By the way, if you believe Politico, a dark-horse nominee for the Scalia vacancy was briefly considered in November:
After his talk with Trump, [Ted Cruz] and his chief of staff, David Polyansky, then sat down with his chief strategist, Steve Bannon, who sounded him out about his interest in filling the Supreme Court vacancy created by the late Antonin Scalia. Cruz — widely considered one of the best Supreme Court litigators of his generation — swatted down the idea, according to four people to whom he has relayed the conversation.
Several of Cruz’s closest allies said that despite his deep interest in the law, he turned his back on a potential Supreme Court nomination because he is fundamentally a political creature. “I think the bottom line with Ted is that the monastic life of a Supreme Court justice is simply not something that appeals to him at this stage in his life, and that’s notwithstanding the fact that he has already in his young legal career established himself as one of the nation’s premier Supreme Court advocates,” said a longtime Cruz friend. “But being on that side of the lectern is a different thing. He’s an advocate; he’s passionate about advancing the causes he believes in.”

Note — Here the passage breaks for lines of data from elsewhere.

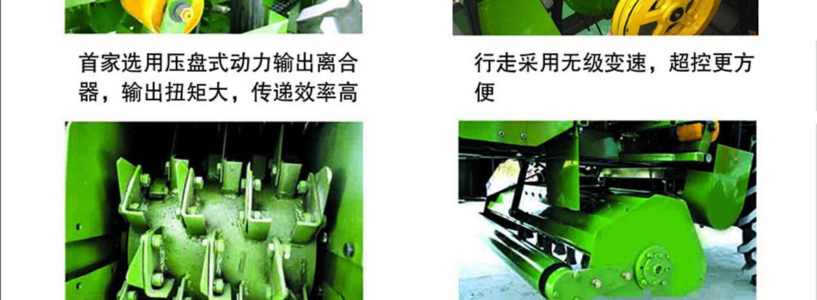 該機(jī)設(shè)計新穎,外觀美觀,結(jié)構(gòu)緊湊,整機(jī)重心配置合理,噪音低,車身短,轉(zhuǎn)彎半徑小,操作靈活,自行開割道,橫著割地頭,作業(yè)效率高,配置125馬力名優(yōu)發(fā)動機(jī),節(jié)能環(huán)保,16輥剝皮機(jī),剝凈率高,行走邊減變速箱,無極變速,前置切碎中置還田,苞葉粉碎,液壓轉(zhuǎn)向,液壓卸糧,雜余回收。一次性完成玉米作物的摘穗、剝皮、苞葉粉碎、秸稈粉碎還田、集糧等作業(yè)過程。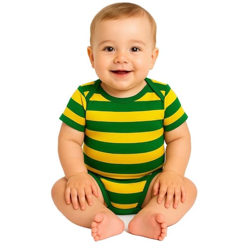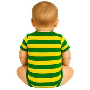 Body de Bebê Manga Curta Torcedor Brasil Listrado Verde Amarelo.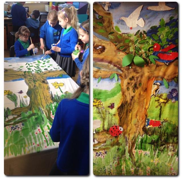 Year 3 and 4 creating a back drop for their role play area.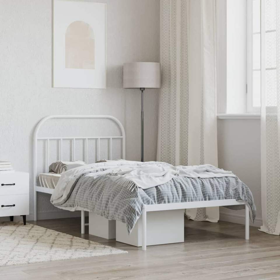 โครงเตียงเหล็กเคลือบผงสีขาวแบบเตียงคู่รูปทรงสี่เหลี่ยมผืนผ้า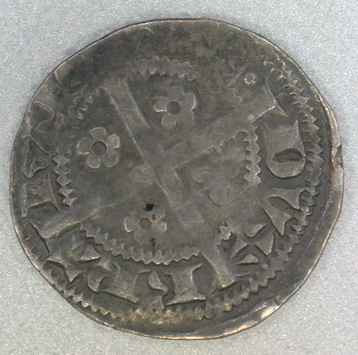 - BeschrijvingVz: Een linksgewende mannenkop binnen een parelrand. Daaromheen het omschrift en een tweede parelrand. Kz: Binnen een parelrand een gevoet kruis in de kwartieren drie rozetten, en één driebladige bloem. Het kruis doorsnijdt het omschrift daaromheen een tweede parelrand.

Cruz still enjoys the public spotlight and he still wants to be president so he turned down a shot at a Supreme Court appointment on the theory that one might still be available down the line to a young man all of 45 years old. Those sound like famous last words to me, though. He’s never going to be president: There simply aren’t enough conservatives left in the U.S., let alone the Republican Party, to make that happen. And he’s not personally likable enough to overcome his ideological baggage. Last year, matched against the RINO di tutti RINOs in the primary, with a flawed and unpopular Hillary Clinton waiting for him in the general election, was his chance. It didn’t happen. Meanwhile, there’s no telling when another Court vacancy will open up. If Pryor and Sykes are first in line, it may be years before Cruz gets asked again, assuming he ever does. A Democrat might win in 2020 or 2024, and whoever the next Republican president is down the road might not be as well disposed to Cruz as Trump is. He may end up stuck in the Senate regretting that he didn’t seize his chance to help shape American law for decades when he had it. Too bad.